Еще раз, встретьтесь с Женей и непременно расцелуйте его за меня.
В а ш а Л ю б о в ь Д у н я ш е в а".
Я бросился к Вите Солнышку:
- Читай! Ответ!
Витя прочел и умилился:
- Ишь ты, связистка... А может, радистка?
- Может.
- Совсем родня.
- На седьмом киселе.
- Так что, пойдем знакомиться, - предложил он. - По литеру - этот Полежаев воюет во втором батальоне.
- Сейчас?
- А когда же?
- Нет.
- Почему?
- Сапоги...
Витя понял меня.
Мои сапоги в ремонте. А какой уважающий себя фронтовик пойдет на первое знакомство в обмотках? Может, Полежаев - офицер, нельзя ударить перед ним в грязь лицом. Обмотки? Нет! Зачем вводить порядочного человека в заблуждение: мол, эти ребятки лыком шиты.
И мы стали торопить рябого повозочного, ждали сапоги, перечитывали письмо Любы Дуняшевой. Рябой тянул...
Наконец сапоги получены. Но мне решительно не везло по мелочам: во-первых, рябой на головки наложил некрасивые, бьющие в нос заплаты, во-вторых, потерялась с пилотки звездочка. Чепуха, но без звездочки моя старая, выгоревшая пилотка вовсе утратила вид. Как ни разглаживай ее, как ни сандаль ладонью, все равно походит на дурацкий колпак. Представлялось вскину ладонь к этому колпаку: "Здравия желаю! Разрешите познакомиться..." Каково впечатление?
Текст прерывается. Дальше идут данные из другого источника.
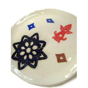素焼素地に転写紙を置き、その絵柄の上を筆に水を含ませたもので軽くたたき込むように、素地に絵柄が写りこむまで行います。その後、透明釉を掛け焼成します。

И все-таки мы начистили сапоги до блеска, поставили у земляных нар, легли спать. Решено: идем в гости к Евгению Полежаеву.
А в пять раздался крик:
- Подъ-ем!!
Наши роты двинулись в наступление.
Мы торопливо натянули начищенные сапоги.
Во второй батальон, но не в гости.
Комбат-два Гречуха со своими ротами перебрался через речку Разумную. Сгибаясь под упаковками радиостанции, мы спешили к нему.
Про Разумную солдаты говорили: "Переплюнуть можно, а перейти нельзя". Наш берег - плоский, болотистый, немецкий - высокий, обрывистый, с известковыми сбросами. Наши позиции - как на ладони, немцы укрыты гребнем обрыва, сидят в добротных окопах.
По заболоченному лугу прокопаны траншеи с черноземными брустверами. Они до половины залиты темной, закисшей водой. Мы сначала усердно маршировали по травке вдоль траншей. Конечно, и мины шлепают, и пули свистят, но сапоги-то начищены, охота ли лезть в воду?
Но где-то впереди в синем воздухе родился легкий, как дыхание, звук. Секунда - и он превратился в давящий вой. Взрыв! Черная земля вскинулась на дыбы.
Мы пригнулись, поднажали...
Новый вой. Черная грязь на миг закрыла даже солнце. Лупят по нас тяжелыми... Тут уж не до форсу, спрыгнули начищенными сапогами в залитые траншеи, побежали, почти касаясь подбородками воды.
А взрывы сзади, взрывы спереди, комья земли шлепают по голове, спине, коробкам рации.
Воет новый снаряд, захлебнулся. На мгновение - тишина, словно ты оглох. Падай! Рядом! Вжался лицом во влажный бруствер.
Похоже, мягким и тяжелым мешком стукнуло по голове, снова затянуло землей солнце, угарно запахло химией.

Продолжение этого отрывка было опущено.